Sample SQL Data Dumped to Process Specific Files (if USE_SQL=true):
################################################################################
SQL: Session Wait Report for Process 192546 ora_fg_H1021

Snapshot Taken At: Thu Sep 27 13:37:49 GMT 2007
SID             PROC              STATE      EVENT                                  P1         P2         P3 WAIT_CLASS  SEC
--------------- ----------------- ---------- ------------------------------ ---------- ---------- ---------- ------------ -----
SID H1021       PROC 192546       WAITING    SQL*Net message from client    1650815232          1          0 Idle        228

################################################################################
SQL: Lock Report for Process 192546 ora_fg_H1021

Snapshot Taken At: Thu Sep 27 13:37:58 GMT 2007
SID                  PROC              TY        ID1        ID2      LMODE    REQUEST      BLOCK
-------------------- ----------------- -- ---------- ---------- ---------- ---------- ----------
SID H1021            PROC 192546       TX     524330        611          6          0          1

Procwatcher Parameters

Procwatcher also has some configurable parameters that can be set within the script itself. The script also provides more information on how to set each one. Here is the section of the script where parameters can be set:

CONFIG SETTINGS:

# Set EXAMINE_CLUSTER variable if you want to examine clusterware processes (default is false - or set to true):
EXAMINE_CLUSTER=false 

# Set EXAMINE_BG variable if you want to examine all BG processes (default is true - or set to false):
EXAMINE_BG=true 

# Set USE_SQL variable if you want to use SQL to troubleshoot (default is true - or set to false):
USE_SQL=true

# Set RETENTION variable to the number of days you want to keep historical procwatcher data (default: 7)
RETENTION=7

PERFORMANCE SETTINGS:

# Set INVERVAL to the number of seconds between runs (default 180):
# Probably should not set below 60 if USE_SQL=true and/or EXAMINE_CLUSTER=true
INTERVAL=180 

# Set THROTTLE to the max # of stack trace sessions or SQLs to run at once (default 5 - minimum 2):
THROTTLE=5 

# Set IDLECPU to the percentage of idle cpu remaining before PRW sleeps (default 3 - which means PRW will sleep if the machine is more than 97% busy - check every 5 seconds)
IDLECPU=3 

PROCESS LIST SETTINGS:


# Set SIDLIST to the list of SIDs you want to examine (default is derived - format "SID1|SID2|SID3"
# Default: If root is starting prw, get all sids found running at the time prw was started.
# If another user is starting prw, get all sids found running owned by that user.
SIDLIST= 

# Cluster Process list for examination (seperated by "|"):
# Default: "crsd.bin|evmd.bin|evmlogge|racgimon|racge|racgmain|racgons.b|ohasd.b|oraagent|oraroota|
gipcd.b|mdnsd.b|gpnpd.b|gnsd.bi|diskmon|octssd.b|ons -d|tnslsnr"
# - The processes oprocd, cssdagent, and cssdmonitor are intentionally left off the list because of high reboot danger.
# - The ocssd.bin process is off the list due to moderate reboot danger. Only add this if your css misscount is the
# - default or higher, your machine is not highly loaded, and you are aware of the tradeoffs.
CLUSTERPROCS="crsd.bin|evmd.bin|evmlogge|racgimon|racge|racgmain|racgons.b|ohasd.b|oraagent|oraroota|
gipcd.b|mdnsd.b|gpnpd.b|gnsd.bi|diskmon|octssd.b|ons -d|tnslsnr" 

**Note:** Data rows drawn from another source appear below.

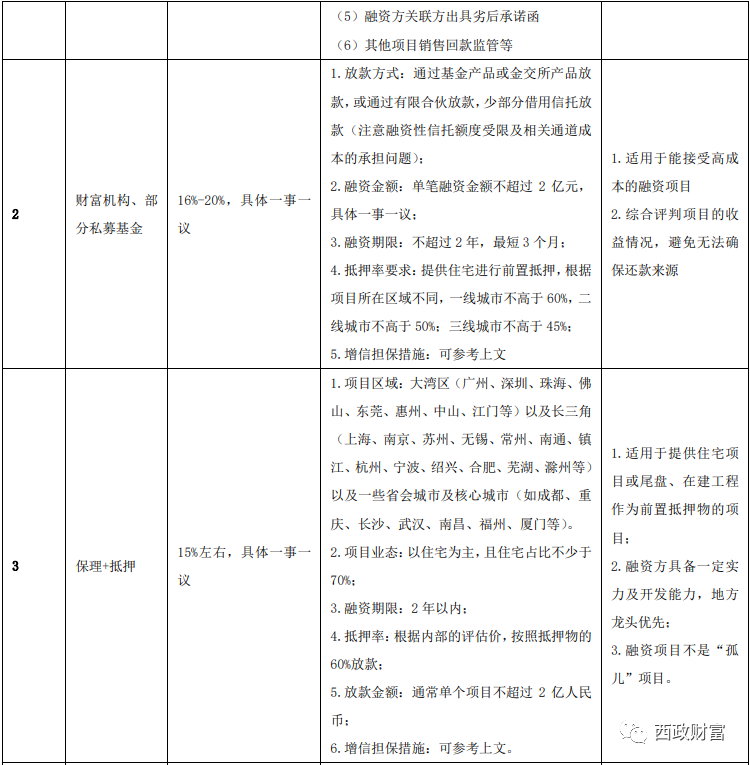 目前市面上能操作中小開發(fā)商融資業(yè)務(wù)的資金機(jī)構(gòu),除了前文提到的一些依托于開發(fā)商背景的資金機(jī)構(gòu)及大型的地產(chǎn)投資機(jī)構(gòu)外,還包括一些小貸機(jī)構(gòu)、三方財富公司及少部分私募基金、個人金主、少部分國央企背景的資金及資產(chǎn)管理機(jī)構(gòu)(非金不良模式)。其中小貸機(jī)構(gòu)的成本一般集中在年化16%-18%,三方財富公司及少部分私募基金因其資金受限于資金募集(當(dāng)前產(chǎn)品形式受限、私募等機(jī)構(gòu)頻繁爆雷增加了募集難度),其成本一般在年化18%-20%左右,個人金主的融資成本相對更高一些,但該類資金往往可以接受項目下沉到三四線城市。另外,依托于開發(fā)商背景的資金機(jī)構(gòu)、大型的地產(chǎn)投資機(jī)構(gòu)以及少部分國央企、資產(chǎn)管理機(jī)構(gòu)因為其資金主要是自有資金,其融資成本則相對低一些,普遍在年化15%左右,當(dāng)然對于優(yōu)質(zhì)的主體并提供前置抵押的情況下,融資成本可到年化12%-13%,或者更低。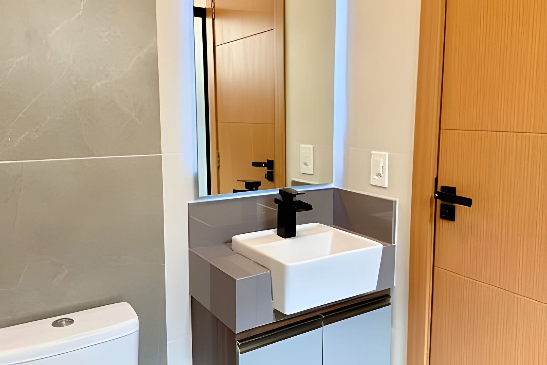 A iluminação em LED e o espelho amplo ajudam a ampliar a sensação de espaço. A localização é excelente, a apenas 10 minutos de caminhada da Estação Belém (Linha Vermelha), com fácil acesso ao centro e aos principais pontos turísticos.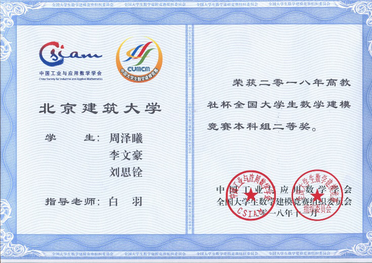 全国大学生数学建模竞赛创办于1992年,由教育部高等教育司、中国工业与应用数学学会共同主办,每年一届,目前已经成为全国高校规模最大、在国内外最具影响力的基础性学科竞赛。2018年,来自全国33个省、市、自治区(包括香港和澳门)以及美国、新加坡的1449所院校的42128队的十二万多名大学生报名参加了9月13日至16日举行的竞赛,共评选出了全国奖1679队,其中本科组一等奖291队、二等奖1193队,分别占本科组参赛队总数的0.75%和3.09%。北京赛区共有2142队参赛,其中324队获得北京市一等奖,463队获得北京市二等奖。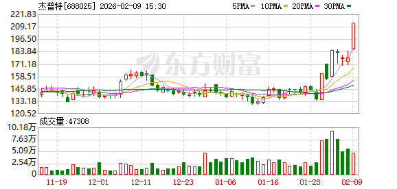 2月9日杰普特(688025)收盘价212.75元,收盘涨停,全天换手率4.98%,振幅14.99%,成交额9.49亿元。科创板交易公开信息显示,当日该股因日收盘价涨幅达15%等上榜。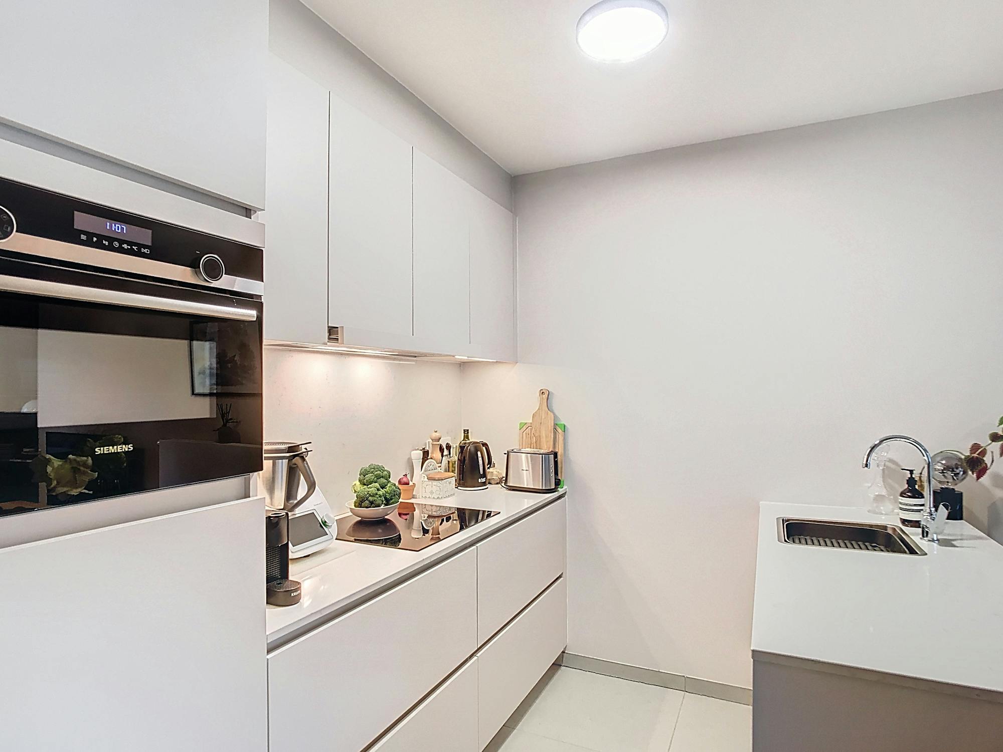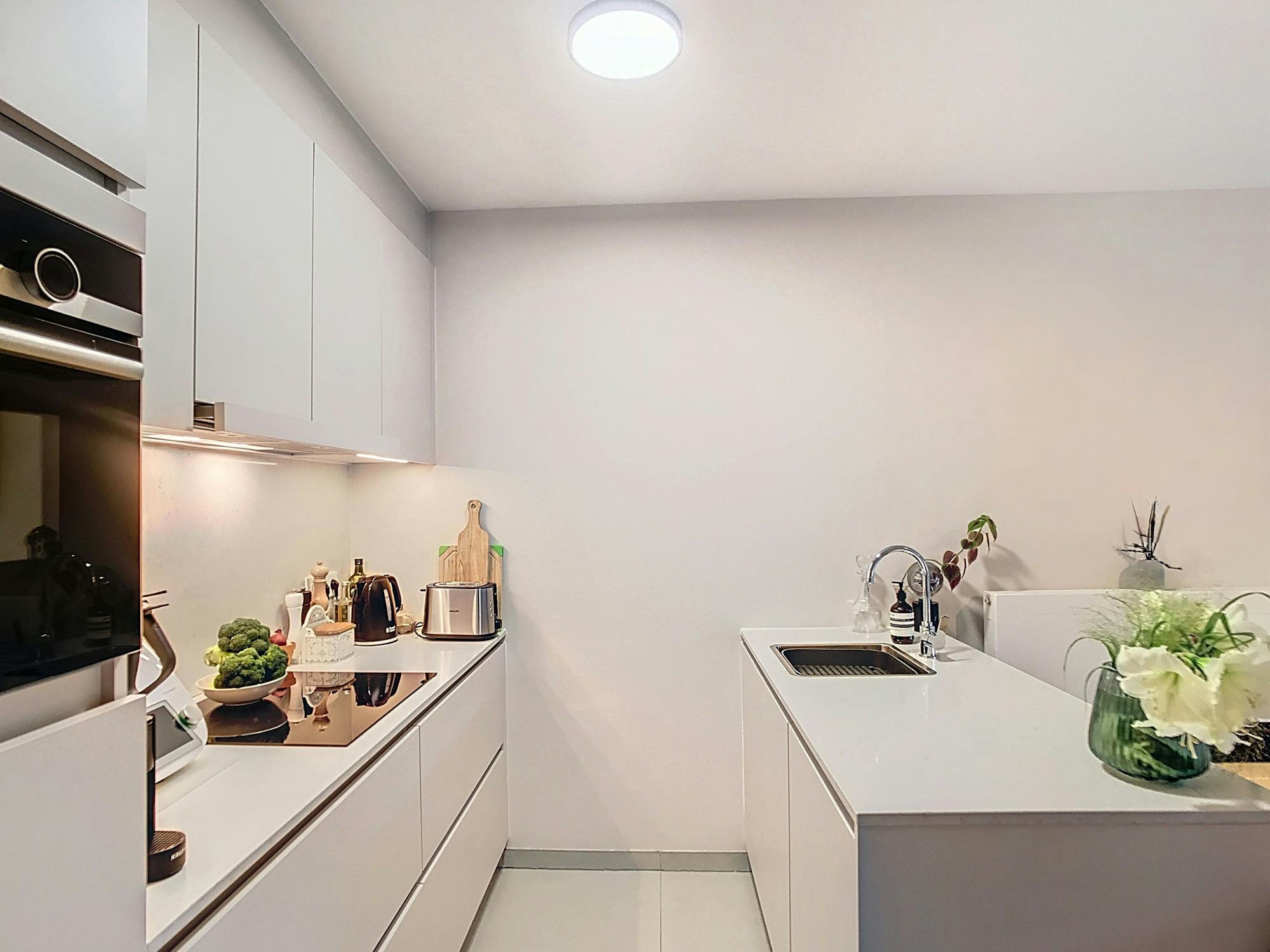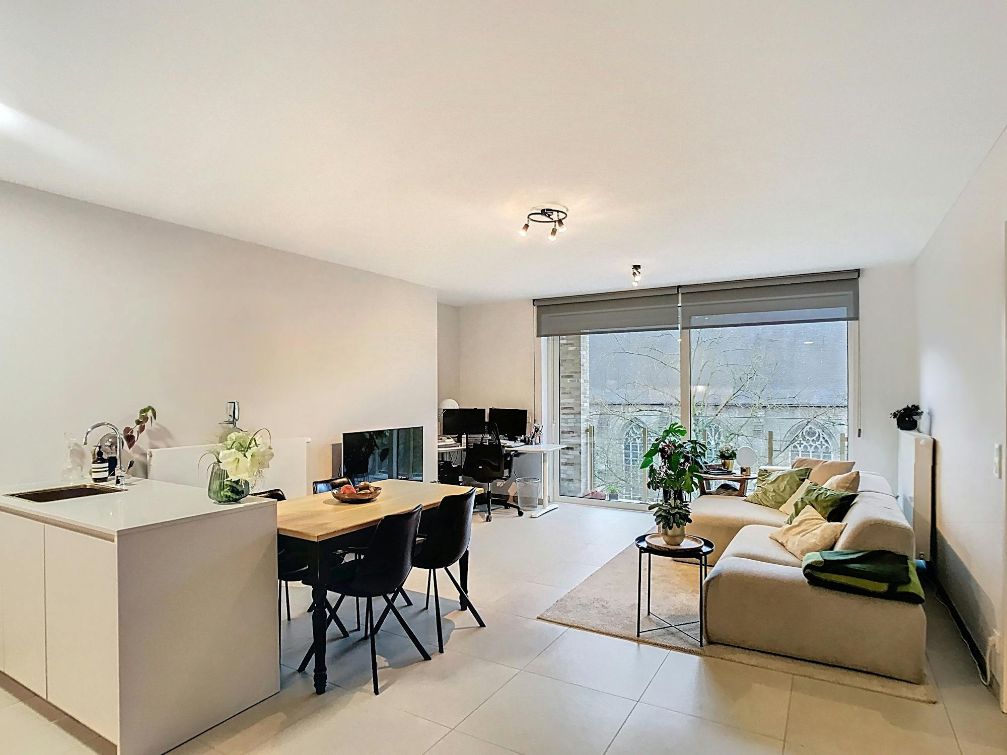 - lichtrijke leefruimte (30 m²) met een geïnstalleerde open keuken uitgerust met een microgolf, vaatwasser, spoelbak, keramische kookplaat met dampkap en koelkast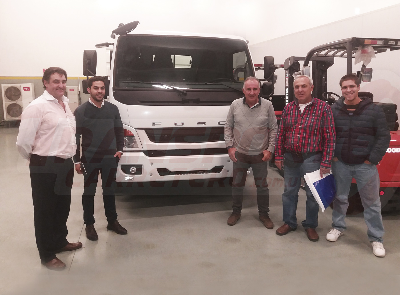 Un nuevo camión Fuso FA fue adquirido por la firma Carmelo Cable Visión Srl. Al momento de la entrega (de izq. a der.): Santiago Cabrera (Autolider Uruguay S.A.), Leonardo Rodríguez, Artigas Silveira, Ramiro Lobecio e Ismael Lobecio.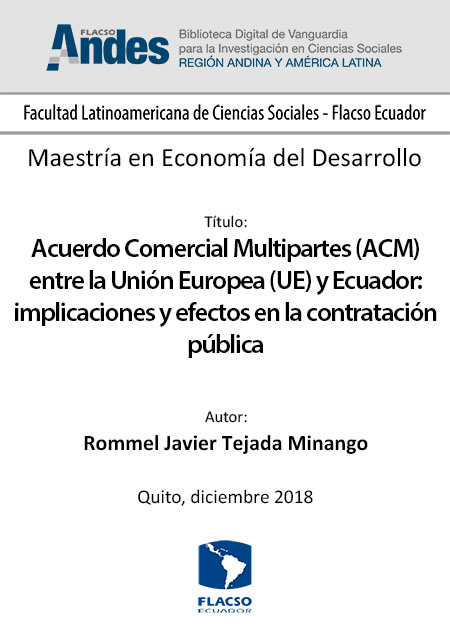 Tejada Minango, Rommel Javier. 2018. Acuerdo Comercial Multipartes (ACM) entre la Unión Europea (UE) y Ecuador: implicaciones y efectos en la contratación pública. Tesis de maestría, Flacso Ecuador.

# DB Process list for examination (seperated by "|"):
# Default: "_dbw|_smon|_pmon|_lgwr|_lmd|_lms|_lck|_lmon|_ckpt|_arc|_rvwr|_gmon|_lmhb|_rms0"
# - To examine ALL oracle DB and ASM processes on the machine, set BGPROCS="ora|asm" (not typically recommended)
BGPROCS="_dbw|_smon|_pmon|_lgwr|_lmd|_lms|_lck|_lmon|_ckpt|_arc|_rvwr|_gmon|_lmhb|_rms0"

For additional details, see the prw.sh script itself.   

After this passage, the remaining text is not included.